**Aim of the task:**
In the material below, find the line with "Years General Warranty." and the line with "Cảnh sát đứng". Output exactly those two lines and all lines between them, leaving out pictures.
[Opening The data section]
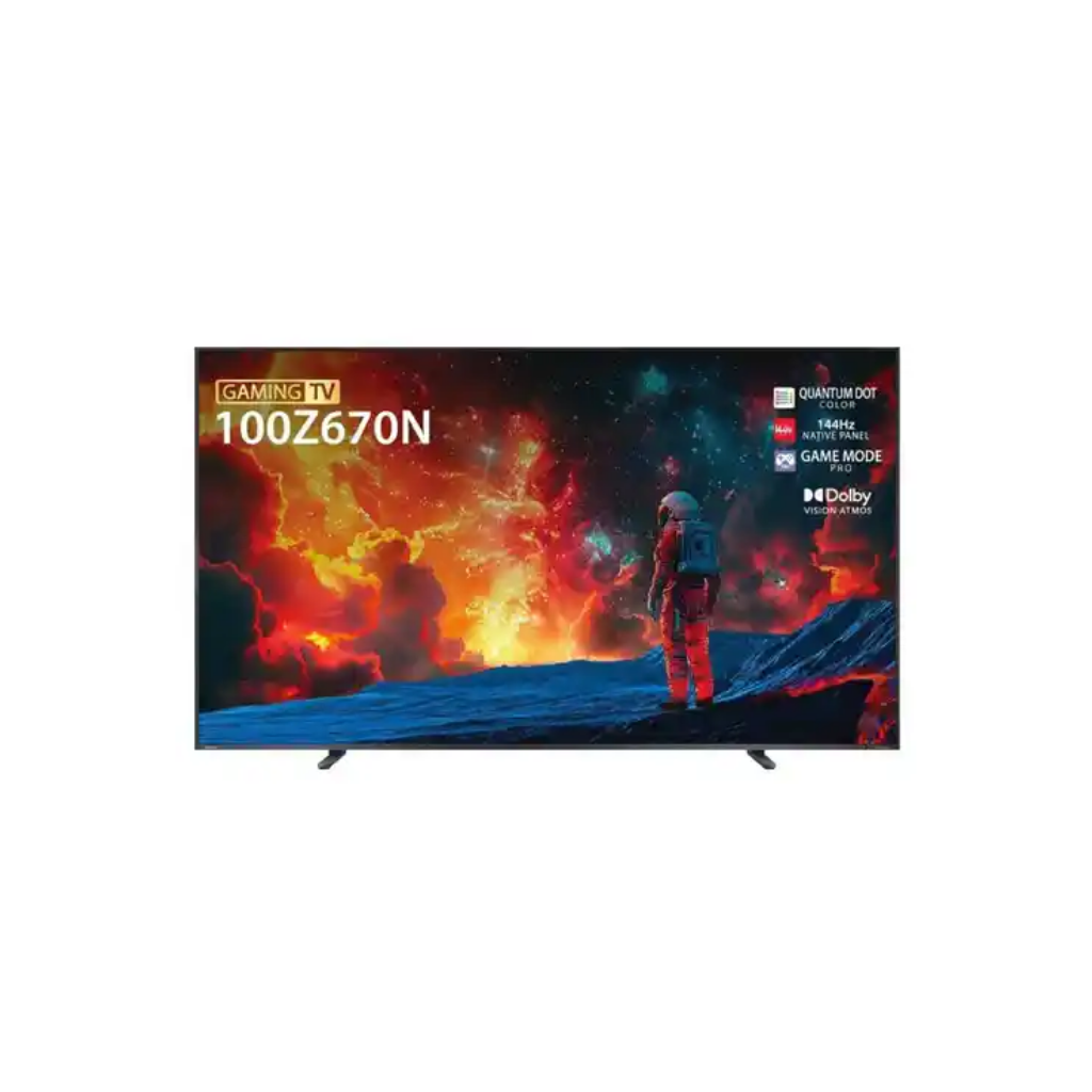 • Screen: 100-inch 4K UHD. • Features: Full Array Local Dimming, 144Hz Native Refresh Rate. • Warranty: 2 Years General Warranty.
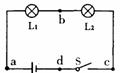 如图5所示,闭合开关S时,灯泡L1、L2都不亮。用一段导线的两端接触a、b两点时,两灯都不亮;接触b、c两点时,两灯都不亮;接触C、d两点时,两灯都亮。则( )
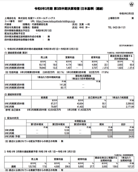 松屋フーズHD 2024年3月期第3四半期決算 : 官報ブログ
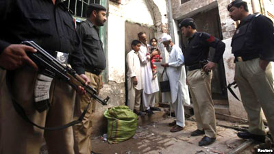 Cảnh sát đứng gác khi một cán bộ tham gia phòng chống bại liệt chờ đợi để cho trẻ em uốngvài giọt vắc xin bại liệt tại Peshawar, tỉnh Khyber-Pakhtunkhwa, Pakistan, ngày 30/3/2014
[Closing The data section]
[Opening The data section]
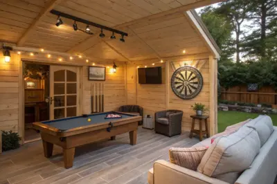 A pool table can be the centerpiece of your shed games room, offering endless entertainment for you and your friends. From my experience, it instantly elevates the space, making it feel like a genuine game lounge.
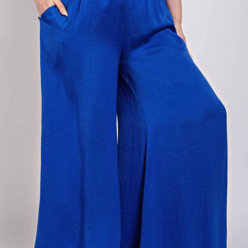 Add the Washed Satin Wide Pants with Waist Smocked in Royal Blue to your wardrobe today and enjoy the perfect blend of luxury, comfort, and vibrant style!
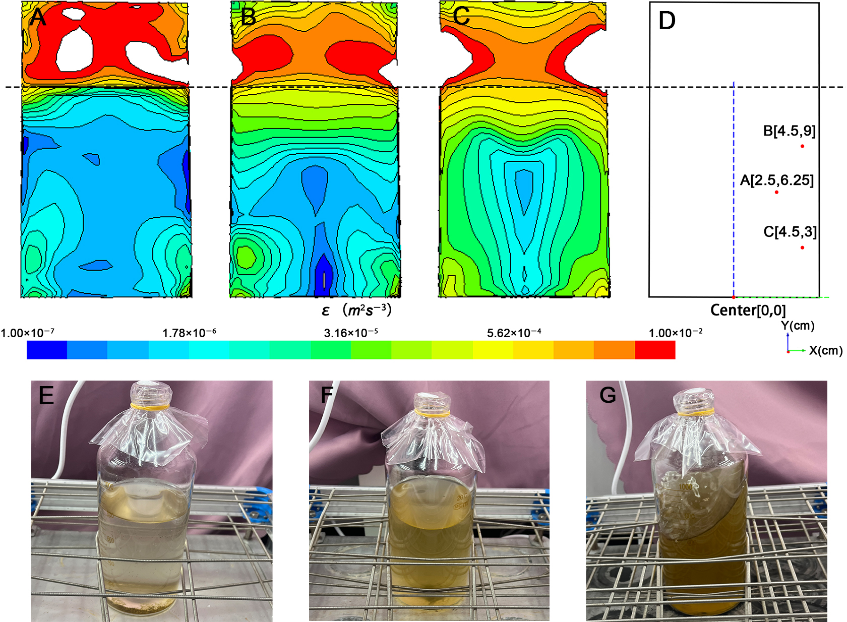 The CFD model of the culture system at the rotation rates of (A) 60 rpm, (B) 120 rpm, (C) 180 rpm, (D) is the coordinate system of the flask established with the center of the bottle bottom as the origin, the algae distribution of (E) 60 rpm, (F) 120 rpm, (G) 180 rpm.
[Closing The data section]
**Your response:**
 • Screen: 100-inch 4K UHD. • Features: Full Array Local Dimming, 144Hz Native Refresh Rate. • Warranty: 2 Years General Warranty.
 如图5所示,闭合开关S时,灯泡L1、L2都不亮。用一段导线的两端接触a、b两点时,两灯都不亮;接触b、c两点时,两灯都不亮;接触C、d两点时,两灯都亮。则( )
 松屋フーズHD 2024年3月期第3四半期決算 : 官報ブログ
 Cảnh sát đứng gác khi một cán bộ tham gia phòng chống bại liệt chờ đợi để cho trẻ em uốngvài giọt vắc xin bại liệt tại Peshawar, tỉnh Khyber-Pakhtunkhwa, Pakistan, ngày 30/3/2014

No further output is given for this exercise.